:: Task item ::
From the entries below, transcribe exactly the lines between the line holding "Чоппер Sokany SK-06020" and the line holding "白色增高厚底短筒雪地靴女款2025冬季新款加绒加厚长筒雪地棉鞋子", inclusive; skip all other lines.

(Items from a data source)
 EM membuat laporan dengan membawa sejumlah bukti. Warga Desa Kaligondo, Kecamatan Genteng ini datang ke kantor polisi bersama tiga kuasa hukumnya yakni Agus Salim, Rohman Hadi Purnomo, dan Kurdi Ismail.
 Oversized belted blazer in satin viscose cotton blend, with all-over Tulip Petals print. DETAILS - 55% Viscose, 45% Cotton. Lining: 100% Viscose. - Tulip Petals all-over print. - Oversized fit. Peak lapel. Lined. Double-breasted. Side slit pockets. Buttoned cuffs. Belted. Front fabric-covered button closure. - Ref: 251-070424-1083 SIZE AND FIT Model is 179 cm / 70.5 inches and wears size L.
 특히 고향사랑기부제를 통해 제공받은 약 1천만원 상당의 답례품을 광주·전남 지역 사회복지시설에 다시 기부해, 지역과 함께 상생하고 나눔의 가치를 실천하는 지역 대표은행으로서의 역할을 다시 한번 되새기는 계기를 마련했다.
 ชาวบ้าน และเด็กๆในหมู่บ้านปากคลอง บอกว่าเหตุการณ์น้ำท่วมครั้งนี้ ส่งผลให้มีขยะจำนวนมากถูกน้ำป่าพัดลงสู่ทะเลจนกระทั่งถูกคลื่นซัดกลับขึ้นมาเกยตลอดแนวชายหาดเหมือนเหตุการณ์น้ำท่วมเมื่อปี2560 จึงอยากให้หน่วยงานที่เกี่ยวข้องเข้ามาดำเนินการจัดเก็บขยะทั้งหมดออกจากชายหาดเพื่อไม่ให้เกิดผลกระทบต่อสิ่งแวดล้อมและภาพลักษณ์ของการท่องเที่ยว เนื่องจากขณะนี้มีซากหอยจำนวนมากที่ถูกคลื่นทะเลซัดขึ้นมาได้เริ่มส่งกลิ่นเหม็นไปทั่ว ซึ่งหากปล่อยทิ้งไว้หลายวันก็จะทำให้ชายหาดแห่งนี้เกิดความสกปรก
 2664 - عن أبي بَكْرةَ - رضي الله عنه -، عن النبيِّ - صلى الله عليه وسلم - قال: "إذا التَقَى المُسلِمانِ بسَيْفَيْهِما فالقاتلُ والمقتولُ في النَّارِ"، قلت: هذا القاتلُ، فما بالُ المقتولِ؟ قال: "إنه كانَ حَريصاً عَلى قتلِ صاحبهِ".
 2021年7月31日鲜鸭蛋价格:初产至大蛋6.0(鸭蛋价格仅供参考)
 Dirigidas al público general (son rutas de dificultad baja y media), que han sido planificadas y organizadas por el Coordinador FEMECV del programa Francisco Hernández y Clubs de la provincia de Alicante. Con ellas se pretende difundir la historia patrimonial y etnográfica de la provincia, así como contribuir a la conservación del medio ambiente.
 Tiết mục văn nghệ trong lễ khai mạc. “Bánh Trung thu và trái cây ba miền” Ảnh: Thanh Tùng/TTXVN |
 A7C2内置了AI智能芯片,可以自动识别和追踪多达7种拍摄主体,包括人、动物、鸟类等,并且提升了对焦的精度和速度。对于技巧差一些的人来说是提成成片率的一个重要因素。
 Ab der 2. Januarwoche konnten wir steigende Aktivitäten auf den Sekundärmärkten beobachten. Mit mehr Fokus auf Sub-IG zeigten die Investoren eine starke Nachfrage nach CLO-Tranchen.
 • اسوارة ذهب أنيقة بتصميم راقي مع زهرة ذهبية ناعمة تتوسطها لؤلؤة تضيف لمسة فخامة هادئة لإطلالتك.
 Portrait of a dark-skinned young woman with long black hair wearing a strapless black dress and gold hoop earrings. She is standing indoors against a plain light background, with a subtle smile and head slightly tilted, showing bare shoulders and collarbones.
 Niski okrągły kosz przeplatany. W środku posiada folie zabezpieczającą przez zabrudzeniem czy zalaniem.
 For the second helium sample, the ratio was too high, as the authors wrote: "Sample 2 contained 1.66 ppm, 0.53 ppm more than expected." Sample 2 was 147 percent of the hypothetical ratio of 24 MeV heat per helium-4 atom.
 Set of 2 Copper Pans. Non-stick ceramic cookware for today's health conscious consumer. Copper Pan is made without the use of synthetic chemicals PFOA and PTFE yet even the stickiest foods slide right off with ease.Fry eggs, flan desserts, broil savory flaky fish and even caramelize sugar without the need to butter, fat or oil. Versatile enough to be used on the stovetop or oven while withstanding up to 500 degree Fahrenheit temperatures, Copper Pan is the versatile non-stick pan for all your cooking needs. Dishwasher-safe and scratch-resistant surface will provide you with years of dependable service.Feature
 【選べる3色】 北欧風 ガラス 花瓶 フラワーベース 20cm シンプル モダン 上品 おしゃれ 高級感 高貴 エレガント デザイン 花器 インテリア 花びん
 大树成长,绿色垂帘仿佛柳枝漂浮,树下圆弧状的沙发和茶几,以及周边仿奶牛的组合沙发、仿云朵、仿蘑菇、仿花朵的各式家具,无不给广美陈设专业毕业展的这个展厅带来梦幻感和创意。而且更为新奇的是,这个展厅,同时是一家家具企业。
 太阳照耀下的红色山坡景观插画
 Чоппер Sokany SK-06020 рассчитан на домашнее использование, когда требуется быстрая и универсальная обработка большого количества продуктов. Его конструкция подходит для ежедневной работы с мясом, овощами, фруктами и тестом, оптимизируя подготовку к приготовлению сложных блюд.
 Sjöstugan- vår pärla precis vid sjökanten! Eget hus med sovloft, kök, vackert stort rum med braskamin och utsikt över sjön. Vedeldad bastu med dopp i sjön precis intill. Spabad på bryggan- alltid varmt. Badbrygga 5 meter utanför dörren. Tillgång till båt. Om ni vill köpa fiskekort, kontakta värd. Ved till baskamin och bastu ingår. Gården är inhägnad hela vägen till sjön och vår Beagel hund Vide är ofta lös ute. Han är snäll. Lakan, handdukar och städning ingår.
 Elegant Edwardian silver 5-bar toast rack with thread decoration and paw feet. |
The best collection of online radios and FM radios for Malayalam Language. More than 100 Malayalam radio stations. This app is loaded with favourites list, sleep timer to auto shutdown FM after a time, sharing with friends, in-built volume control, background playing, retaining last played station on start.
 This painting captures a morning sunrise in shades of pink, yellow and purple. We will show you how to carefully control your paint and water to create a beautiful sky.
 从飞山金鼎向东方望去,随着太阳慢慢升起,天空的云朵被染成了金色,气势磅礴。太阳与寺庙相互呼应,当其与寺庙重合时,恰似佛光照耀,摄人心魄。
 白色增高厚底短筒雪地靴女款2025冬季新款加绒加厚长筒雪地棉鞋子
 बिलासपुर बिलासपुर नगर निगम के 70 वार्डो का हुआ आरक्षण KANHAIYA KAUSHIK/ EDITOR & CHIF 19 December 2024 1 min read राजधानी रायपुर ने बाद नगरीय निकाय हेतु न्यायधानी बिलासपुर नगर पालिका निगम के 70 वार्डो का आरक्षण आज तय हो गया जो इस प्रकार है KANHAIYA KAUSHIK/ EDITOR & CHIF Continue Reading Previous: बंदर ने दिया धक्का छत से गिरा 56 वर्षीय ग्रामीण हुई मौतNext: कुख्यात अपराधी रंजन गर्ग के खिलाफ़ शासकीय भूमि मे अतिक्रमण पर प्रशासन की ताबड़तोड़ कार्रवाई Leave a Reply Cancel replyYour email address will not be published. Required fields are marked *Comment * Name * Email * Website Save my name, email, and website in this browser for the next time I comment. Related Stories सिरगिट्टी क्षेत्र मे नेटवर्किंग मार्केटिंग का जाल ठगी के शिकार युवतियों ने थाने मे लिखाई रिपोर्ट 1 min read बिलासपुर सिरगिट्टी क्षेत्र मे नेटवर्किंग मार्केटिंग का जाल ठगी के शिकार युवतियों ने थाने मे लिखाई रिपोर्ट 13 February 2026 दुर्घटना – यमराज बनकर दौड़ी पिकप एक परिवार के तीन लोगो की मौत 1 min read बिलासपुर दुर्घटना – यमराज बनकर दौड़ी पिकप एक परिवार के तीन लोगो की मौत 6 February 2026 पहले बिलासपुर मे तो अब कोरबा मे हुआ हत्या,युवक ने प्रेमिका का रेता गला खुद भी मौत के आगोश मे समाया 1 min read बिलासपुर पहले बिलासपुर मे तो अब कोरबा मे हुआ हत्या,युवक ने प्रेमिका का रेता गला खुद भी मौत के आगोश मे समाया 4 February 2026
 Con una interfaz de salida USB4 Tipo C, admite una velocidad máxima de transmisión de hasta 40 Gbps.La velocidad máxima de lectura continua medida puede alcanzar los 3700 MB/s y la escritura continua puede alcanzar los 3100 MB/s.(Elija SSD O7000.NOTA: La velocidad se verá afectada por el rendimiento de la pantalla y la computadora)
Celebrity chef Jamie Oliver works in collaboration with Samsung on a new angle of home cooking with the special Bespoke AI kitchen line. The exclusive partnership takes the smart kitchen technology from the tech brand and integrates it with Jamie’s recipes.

:: Solution for this task ::
 Чоппер Sokany SK-06020 рассчитан на домашнее использование, когда требуется быстрая и универсальная обработка большого количества продуктов. Его конструкция подходит для ежедневной работы с мясом, овощами, фруктами и тестом, оптимизируя подготовку к приготовлению сложных блюд.
 Sjöstugan- vår pärla precis vid sjökanten! Eget hus med sovloft, kök, vackert stort rum med braskamin och utsikt över sjön. Vedeldad bastu med dopp i sjön precis intill. Spabad på bryggan- alltid varmt. Badbrygga 5 meter utanför dörren. Tillgång till båt. Om ni vill köpa fiskekort, kontakta värd. Ved till baskamin och bastu ingår. Gården är inhägnad hela vägen till sjön och vår Beagel hund Vide är ofta lös ute. Han är snäll. Lakan, handdukar och städning ingår.
 Elegant Edwardian silver 5-bar toast rack with thread decoration and paw feet. |
The best collection of online radios and FM radios for Malayalam Language. More than 100 Malayalam radio stations. This app is loaded with favourites list, sleep timer to auto shutdown FM after a time, sharing with friends, in-built volume control, background playing, retaining last played station on start.
 This painting captures a morning sunrise in shades of pink, yellow and purple. We will show you how to carefully control your paint and water to create a beautiful sky.
 从飞山金鼎向东方望去,随着太阳慢慢升起,天空的云朵被染成了金色,气势磅礴。太阳与寺庙相互呼应,当其与寺庙重合时,恰似佛光照耀,摄人心魄。
 白色增高厚底短筒雪地靴女款2025冬季新款加绒加厚长筒雪地棉鞋子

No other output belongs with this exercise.